What is Data Science
The problem faced by many beginners in Data Science, especially those looking for data science jobs is the fact that the field has only recently received clear classification in regards to other disciplines. In the past, it has been suggested as an alternative name to computer science and statistics but it wasn’t until the 21st century that there were any agreed upon parameters for it. However, it still lacks any universally agreed upon definition and as such, sceptics have at times referred to it as nothing more than a buzzword.
However, it is generally agreed that data science utilises and unifies theories from multiple fields including but not limited to mathematics,statistics, information science, computer science, etc. It shares a lot of commonalities with the latter two while still having significant differences. Outside of this, to get an idea about the relevance of data science, it has been termed as the “fourth paradigm” science (outside of the pre-existing theoretical, empirical and computational) by Jim Gray, a Turing award winning computer scientist.
This article will give a basic walkthrough about the different aspects of data science, ranging from the various roles available to students of data science, the commonalities it has with related fields like information science and computer science, prerequisites for data science, applications of data science and other topics.

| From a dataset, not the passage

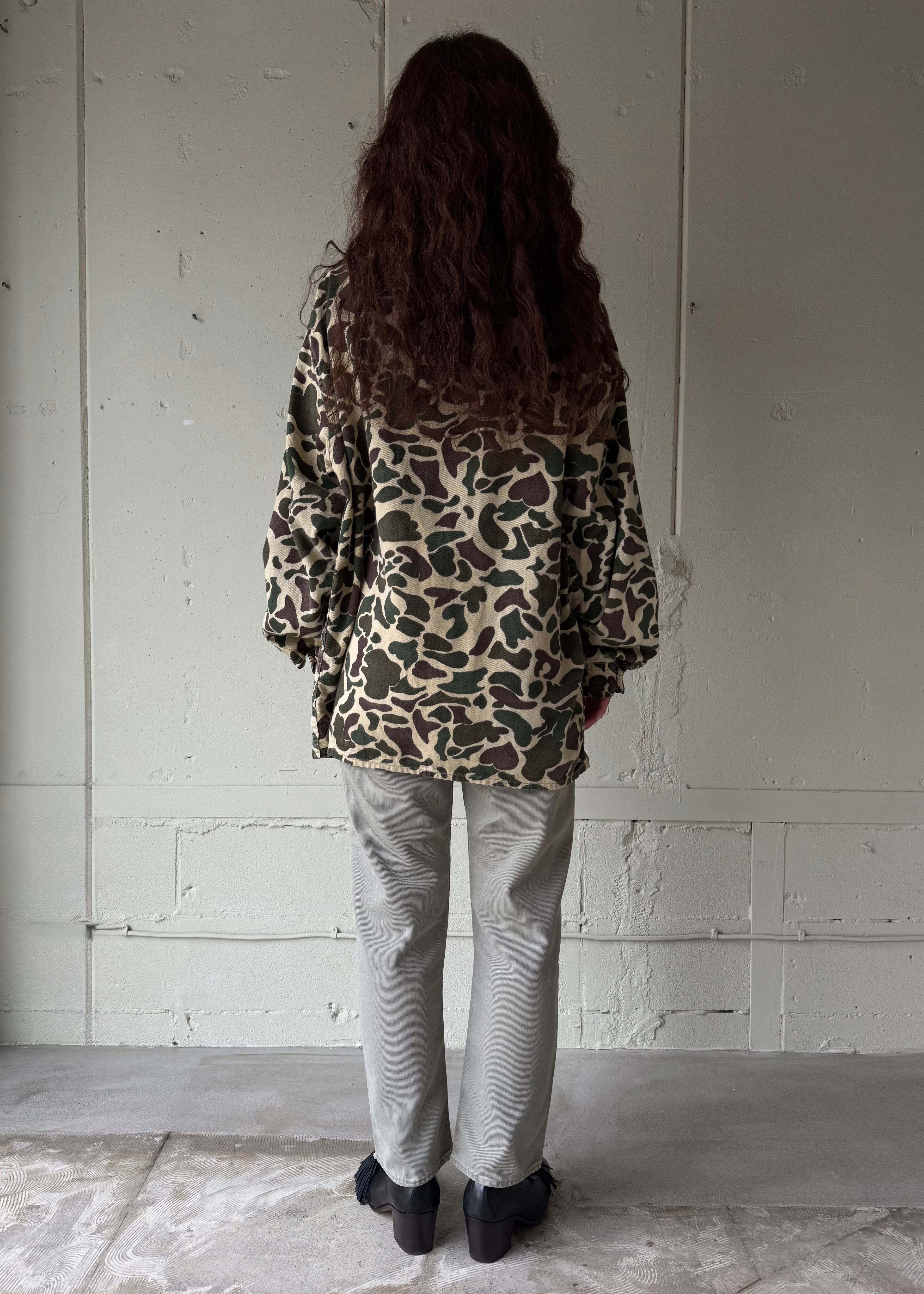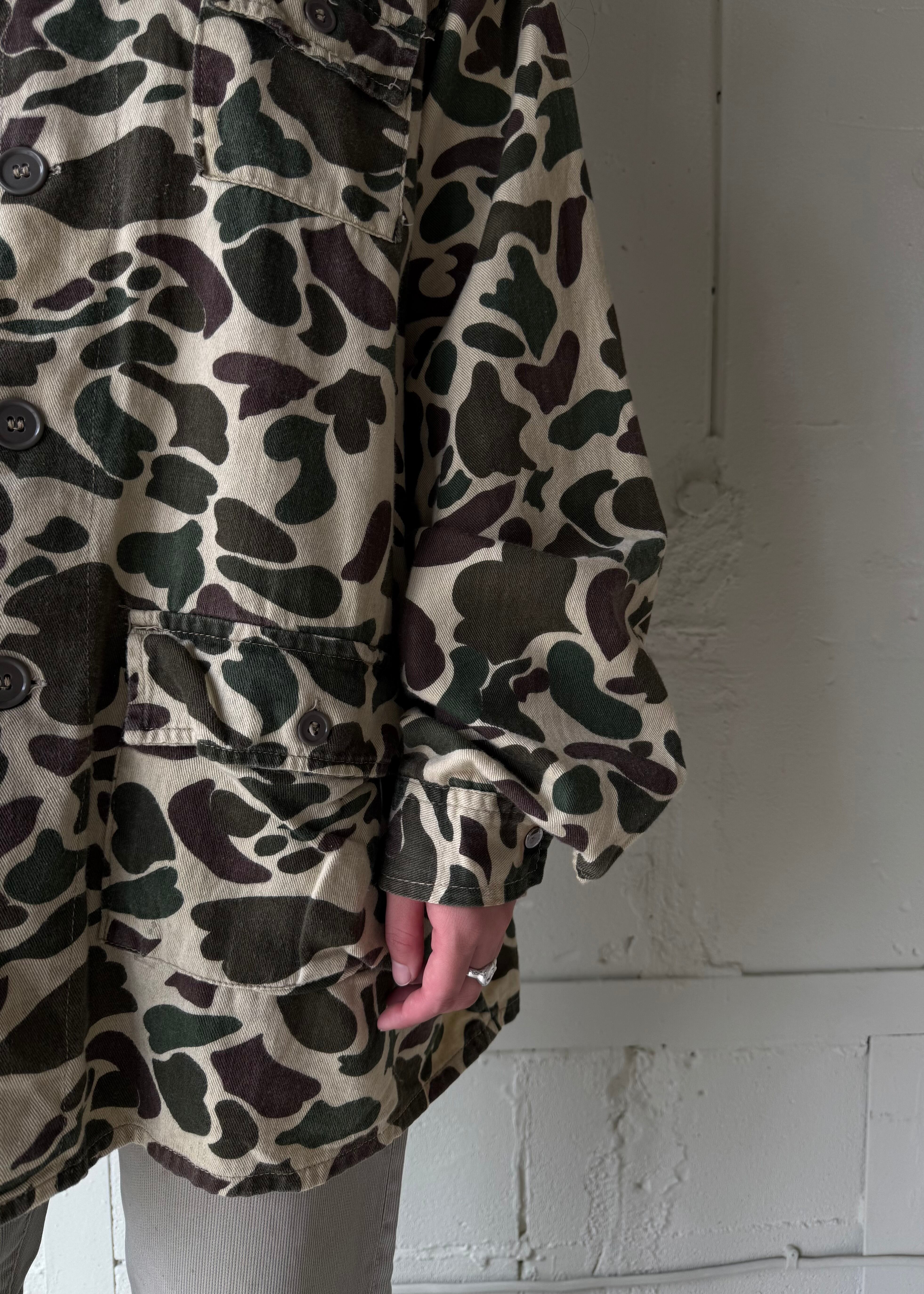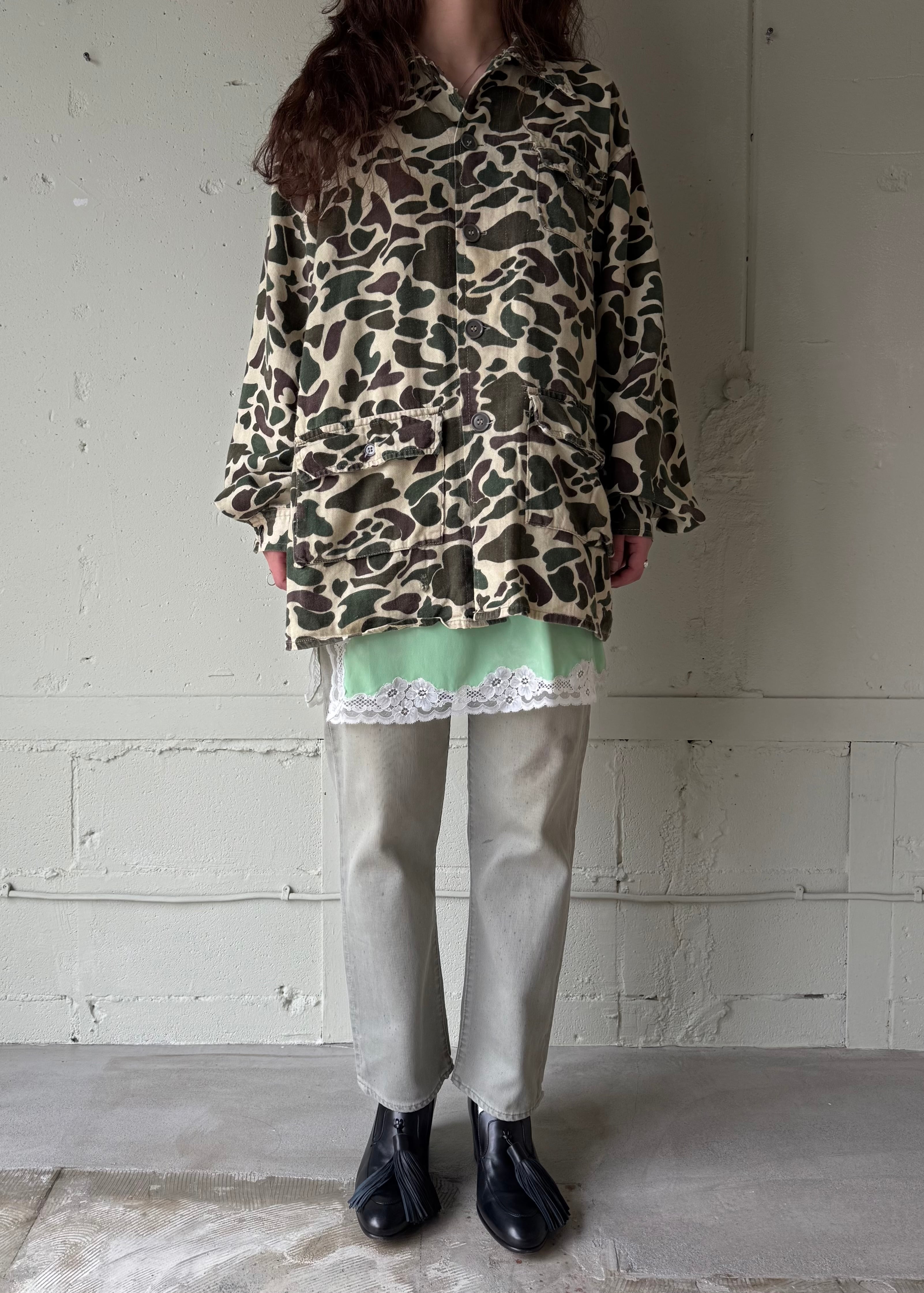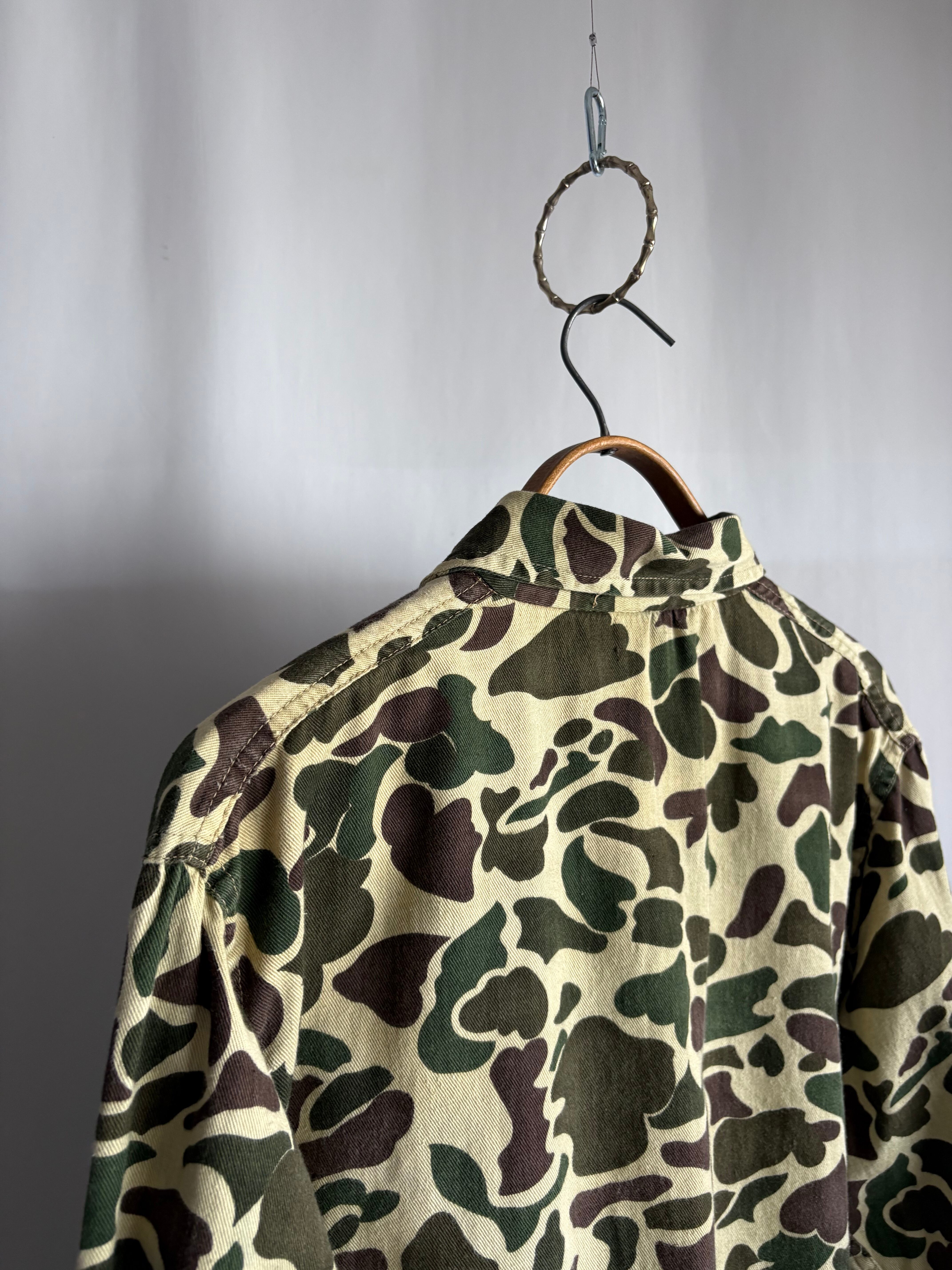 本気のハンティングウェアならダックハンターの生地がこんなに薄いことはないでしょう。薄手の生地と心許ないボタン。けれど街で着るならばこのくらいがベストです。

Prerequisites for Data Science
The prerequisites for Data Science vary in specificity depending upon the role in question. As such, listed below are the prerequisites for Data Science at the beginner level.
- 1. A working knowledge of statistics. Statistics is arguably the base foundational subject that forms the basis for data science. As such, those seeking a career in data science must possess knowledge about different methodologies that are utilised in data science ranging from bayes theorem to probability theorem.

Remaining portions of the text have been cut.